Find the line holding "(右岸林道より遮水擁壁工を見る。)" in the entries below. Give it again exactly, along with every line after it up to and including the line holding "CENTRO POMPIDOU MÁLAGA".

Available data
*** Begin section ***

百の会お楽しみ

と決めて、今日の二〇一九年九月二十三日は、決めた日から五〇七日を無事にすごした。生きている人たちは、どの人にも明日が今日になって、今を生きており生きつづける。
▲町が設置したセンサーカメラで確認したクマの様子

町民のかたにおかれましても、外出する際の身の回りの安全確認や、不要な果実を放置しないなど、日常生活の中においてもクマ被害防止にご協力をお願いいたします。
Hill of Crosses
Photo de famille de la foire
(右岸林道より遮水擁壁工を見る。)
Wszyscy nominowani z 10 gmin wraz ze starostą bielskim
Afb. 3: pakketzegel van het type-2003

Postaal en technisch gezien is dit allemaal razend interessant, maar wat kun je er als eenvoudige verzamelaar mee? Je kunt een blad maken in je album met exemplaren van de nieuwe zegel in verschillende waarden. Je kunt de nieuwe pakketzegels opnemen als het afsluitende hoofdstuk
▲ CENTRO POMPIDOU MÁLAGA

*** End section ***
*** Begin section ***

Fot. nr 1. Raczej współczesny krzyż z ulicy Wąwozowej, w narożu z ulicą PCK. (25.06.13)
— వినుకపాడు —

*** End section ***
*** Begin section ***

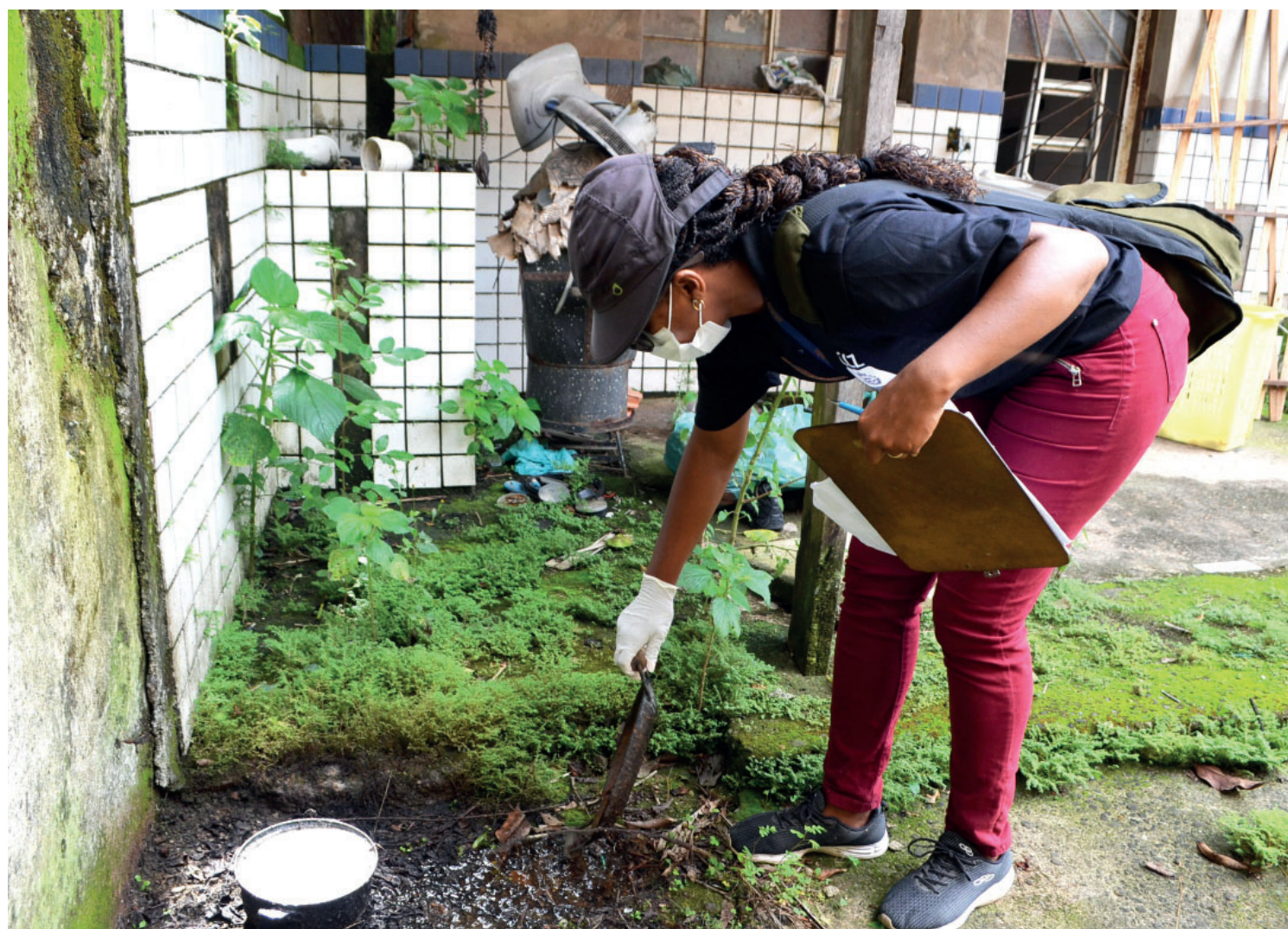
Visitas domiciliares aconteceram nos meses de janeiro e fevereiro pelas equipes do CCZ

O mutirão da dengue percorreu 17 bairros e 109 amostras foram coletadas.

*** End section ***

Exercise solution
(右岸林道より遮水擁壁工を見る。)
Wszyscy nominowani z 10 gmin wraz ze starostą bielskim
Afb. 3: pakketzegel van het type-2003

Postaal en technisch gezien is dit allemaal razend interessant, maar wat kun je er als eenvoudige verzamelaar mee? Je kunt een blad maken in je album met exemplaren van de nieuwe zegel in verschillende waarden. Je kunt de nieuwe pakketzegels opnemen als het afsluitende hoofdstuk
▲ CENTRO POMPIDOU MÁLAGA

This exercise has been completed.